# twitching kuhli loach



## Ghost15 (Jun 22, 2010)

so i have a kuhli loach and just recently has started twitching almost like he is having a seizure or something.. its been going on for about 3 to 4 days now and i cant figure out why he is twitching... 

now the twitches vary.. some are worse than othes.. like some are just small ones.. but others make him move quite a bit.. and also the length between each one varies... they are just random.. i have no idea what is causing them .. i have never heard of a twitching fish.. im trying to find some kind of information on the internet about it but im not having the best luck.. i dont want to loose him and i just really want to know what is causing the twiches...

any information is greatly appreciated


----------



## kitten_penang (Mar 26, 2008)

do you use an in sump filter or lighting?? maybe the current from the wiring is giving him tiny electric shocks.are there other fishes in the tank??


----------



## Ghost15 (Jun 22, 2010)

no.. i dont think that is it.. he has been in that tank for months now.. i got him in september 09.. 

i have 2 green cories, 6 pearl danios, 1 leopard angelfish, and 1 other kuhli loach which does no twitch... 

the twitching started the day after one of my other kuhli loaches died of something.. i dont know.. one day healthy and alive, the next dead...

his colour is the same, no clamped fins... hes just twitching.. and i noticed that he is always moving his gills.. not like he normally would be and i dont know if that has something to do with him twitching or not.. but there are no signs of parasites on him.. or anything..


----------



## Ghost15 (Jun 22, 2010)

ohh... and the other fish in the tank are not bothering him.. they just swim right past him


----------



## Ghost15 (Jun 22, 2010)

this morning i check my tank to see how my kuhli is doing... when i found him he was dead... so yeah... but im still curious to know what would have caused the twitches/seizure type things.. 

i still have one healthy kuhli left.. should i get more??


----------



## kitten_penang (Mar 26, 2008)

dont trow him away... check his gills cavity maybe there a parasites or water ticks in his gill cavity.


----------



## Link30 (Aug 18, 2010)

Sorry to reactivate an old thread but I was wondering if you found out anything becasue I am having issues with the same thing and cannot find any info on it.

I lost one kuhli already and another is in a q-tank but cannot find anything to keep the twitching/spasms/seizures or whatever you want to call it.


----------



## Romad (Jun 28, 2009)

Link30 said:


> Sorry to reactivate an old thread but I was wondering if you found out anything becasue I am having issues with the same thing and cannot find any info on it.
> 
> I lost one kuhli already and another is in a q-tank but cannot find anything to keep the twitching/spasms/seizures or whatever you want to call it.


I don't own any so can't say I've experienced the twitches but I do know that they are pretty sensitive to water param. changes.
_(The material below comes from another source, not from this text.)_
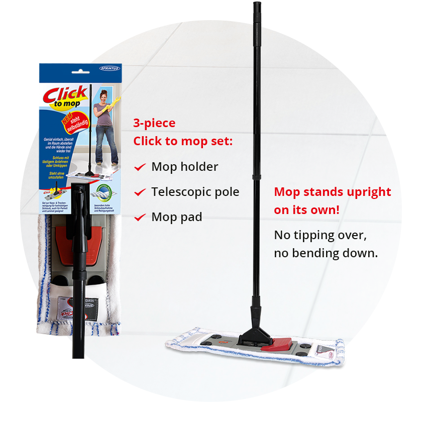 with a unique and patented upright function. The set with extendable telescopic handle can be used for both wet and dry cleaning and is also suitable for parquet and laminate.

Have you tested your tap water lately? Are you adding a good water conditioner when you change the water? What are your levels for ammonia, nitrite, ph, nitrates?


----------



## Link30 (Aug 18, 2010)

My parameters are all good for what loaches like. I still have 3 of them that have no issues whatsoever. One of my original five had twitches and moved him to a q-tank while I tried to find a cure. I couldnt and he died. 

This is my second one with this issue. I moved one of my caves to clean and found him belly up underneath it. He was still moving but I noticed his twitching and quickly moved him to the q-tank and am afraid he is going to die as well.

Nitrates, nitrites, and ammonia are all zero. I condition all tap water. The only think I can think of is that I dont have a water hardness test.


----------



## PrettyKitty187 (Nov 29, 2007)

they have little strips at Petsmart to test the water with...five or six bucks...works like a litmus paper...

dunno about the twitching thing though...my little guy does it all the time...always has...just figured it was normal :/


----------



## redchigh (Jan 20, 2010)

Link30 said:


> Nitrates, nitrites, and ammonia are all zero.



Makes me suspicious....


----------